#### Goal of the exercise
Could you restate, exactly and with nothing added, the lines from the start of the data through the line that holds "ويقال في اللغة: دوي", leaving the pictures out?

#### Data supplied

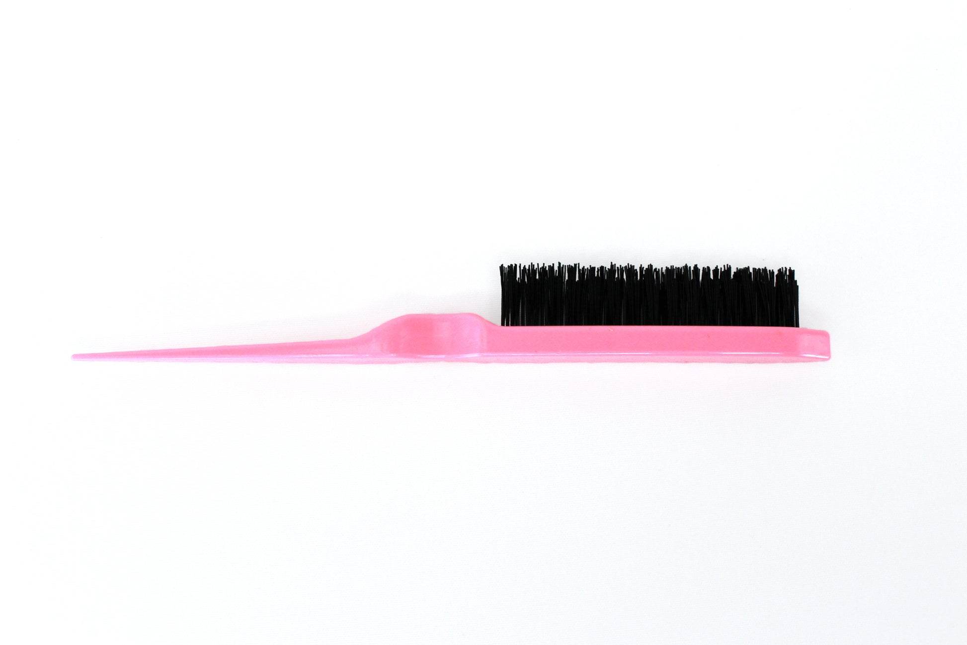 It is made with soft plastic bristles and a hard plastic handle, moulded into a point which makes parting hair an ease!
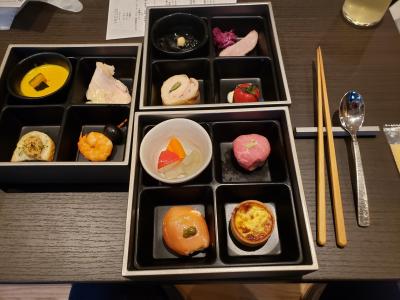 朝食は品数、美味しさ満点です。しかし、トレーが無くご飯とお味噌汁で両手がふさがり、おかずをそろえるのに4往復かかった。窓際で景色が良かったが、一番はしで往復か煩わしかった。- 旅行時期
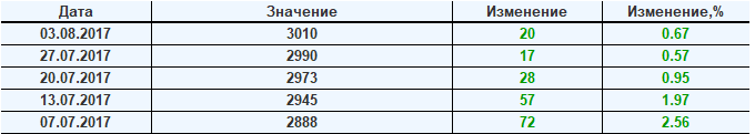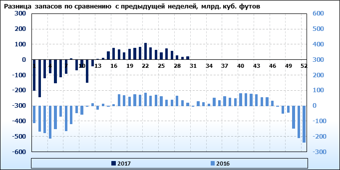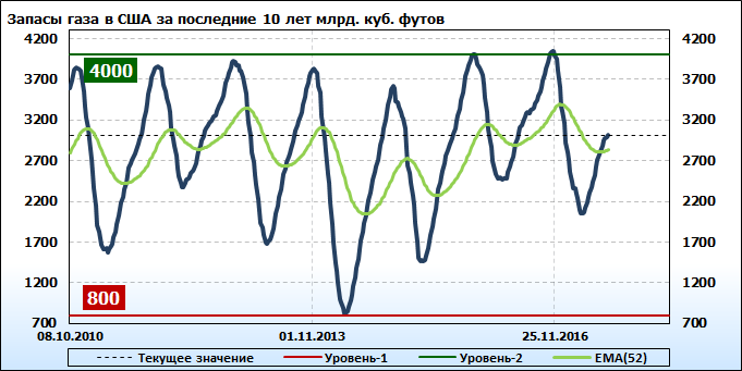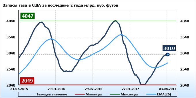 По сообщению статистической службы EIA запасы газа в США на 03.08.2017 составили 3010 млрд. куб. футов. За неделю запасы природного газа в хранилищах выросли на 20 млрд. куб. футов. По итогам недели рост запасов газа составил 0.67 процента.
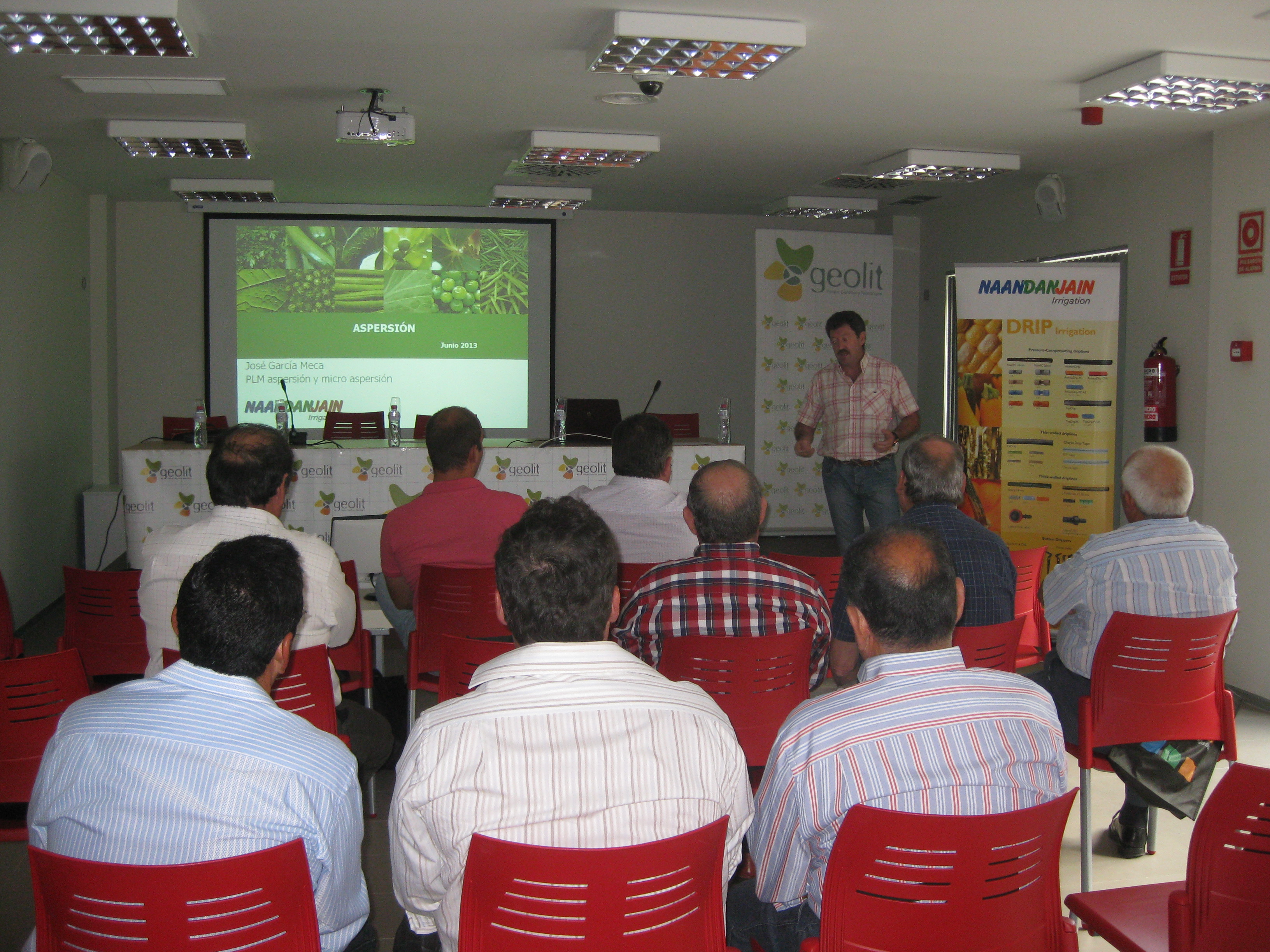 Jaén, 10 de junio de 2013.- José García Meca, responsable de productos de aspersión y microaspersión de NaanDanJain, ha ofrecido una charla informativa en el Parque Científico y Tecnológico Geolit dirigida a agricultores de la zona de la Vega de Jaén, a los que explicó los beneficios de la modernización de los sistemas de riego usados en la actualidad. En concreto, el delegado de NaanDanJain, que intervino junto a representantes de la firma Sireco, expuso las ventajas de la sustitución del riego por goteo por la aspersión, una tecnología óptima para riego en terrenos llanos y cultivos propios de la zona como como maíz, algodón y otros cultivos hortícolas de la zona.
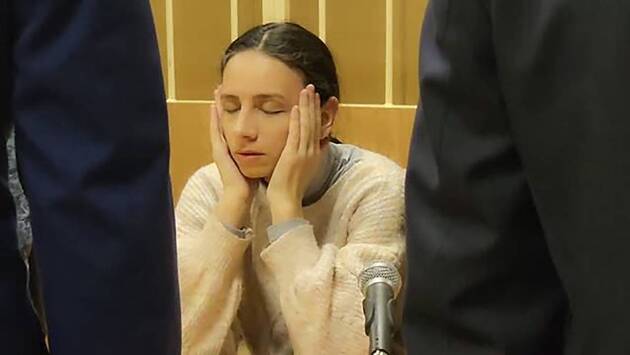 На кадрах видно, как женщина вытирает слезы, после чего опускает голову и подпирает ее руками. На вопрос, понятен ли ей приговор суда, Кохал ответила отрицательно.
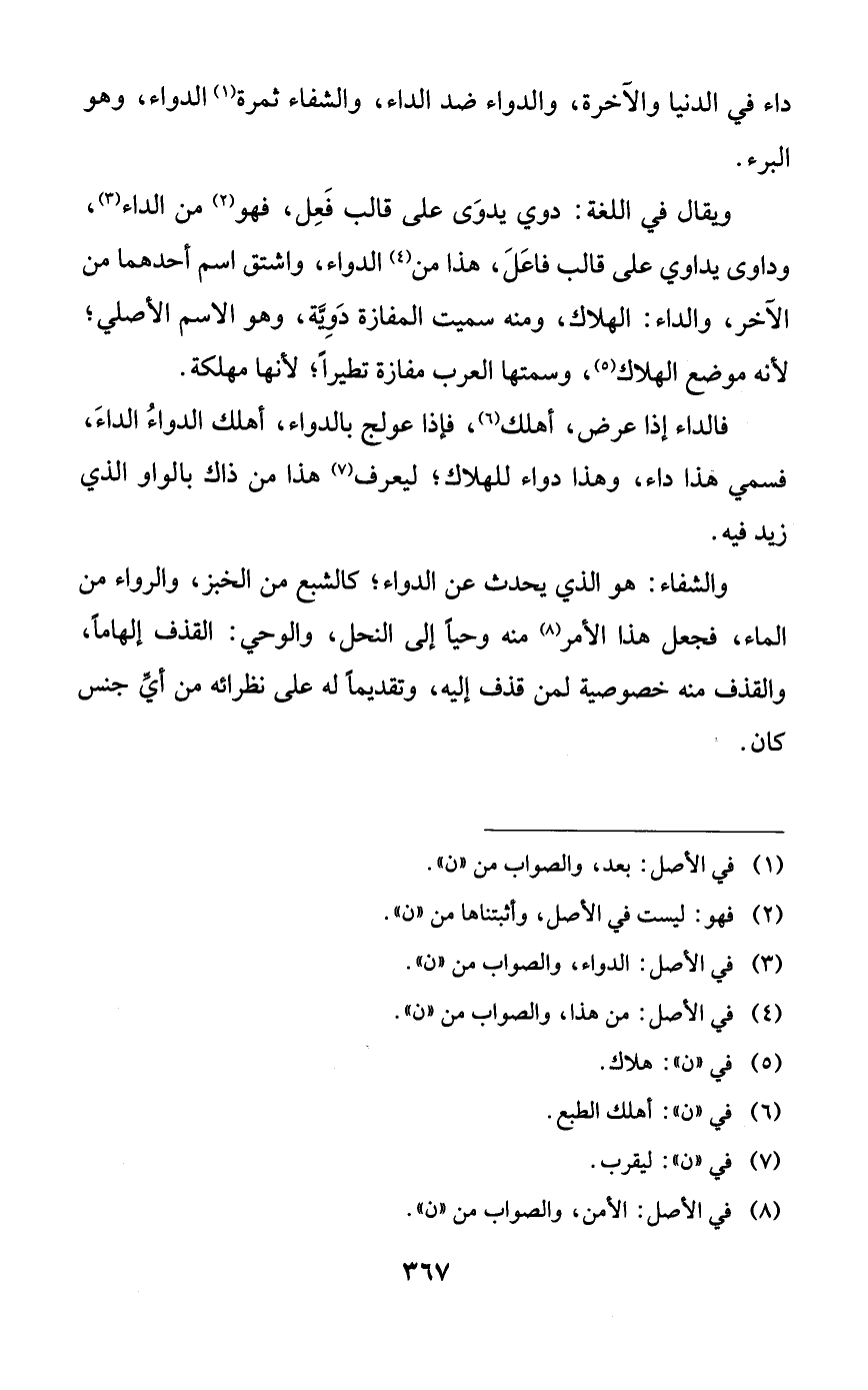 ويقال في اللغة: دوي يدوى على قالب فعل، فهو من الداء، وداوى يداوي على قالب فاعل، هذا من الدواء، واشتق اسم أحدهما من الآخر، والداء: الهلاك، ومنه سميت المفازة دوية، وهو الاسم الأصلي؛ لأنه موضع الهلاك، وسمتها العرب مفازة تطيراً؛ لأنها مهلكة.
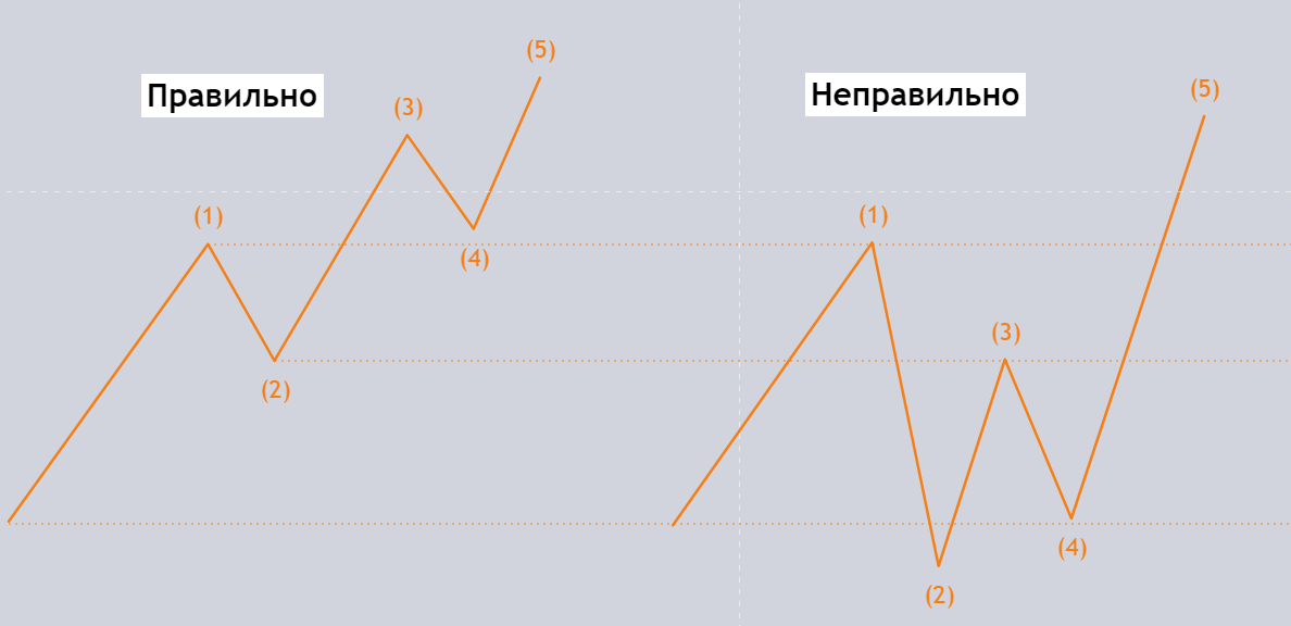 Также волны бывают косыми, кривыми, растянутыми, у них много разновидностей и дополнительных правил определения, что делает волновой анализ сложным и субъективным.

#### Final answer
 It is made with soft plastic bristles and a hard plastic handle, moulded into a point which makes parting hair an ease!
 朝食は品数、美味しさ満点です。しかし、トレーが無くご飯とお味噌汁で両手がふさがり、おかずをそろえるのに4往復かかった。窓際で景色が良かったが、一番はしで往復か煩わしかった。- 旅行時期
 По сообщению статистической службы EIA запасы газа в США на 03.08.2017 составили 3010 млрд. куб. футов. За неделю запасы природного газа в хранилищах выросли на 20 млрд. куб. футов. По итогам недели рост запасов газа составил 0.67 процента.
 Jaén, 10 de junio de 2013.- José García Meca, responsable de productos de aspersión y microaspersión de NaanDanJain, ha ofrecido una charla informativa en el Parque Científico y Tecnológico Geolit dirigida a agricultores de la zona de la Vega de Jaén, a los que explicó los beneficios de la modernización de los sistemas de riego usados en la actualidad. En concreto, el delegado de NaanDanJain, que intervino junto a representantes de la firma Sireco, expuso las ventajas de la sustitución del riego por goteo por la aspersión, una tecnología óptima para riego en terrenos llanos y cultivos propios de la zona como como maíz, algodón y otros cultivos hortícolas de la zona.
 На кадрах видно, как женщина вытирает слезы, после чего опускает голову и подпирает ее руками. На вопрос, понятен ли ей приговор суда, Кохал ответила отрицательно.
 ويقال في اللغة: دوي يدوى على قالب فعل، فهو من الداء، وداوى يداوي على قالب فاعل، هذا من الدواء، واشتق اسم أحدهما من الآخر، والداء: الهلاك، ومنه سميت المفازة دوية، وهو الاسم الأصلي؛ لأنه موضع الهلاك، وسمتها العرب مفازة تطيراً؛ لأنها مهلكة.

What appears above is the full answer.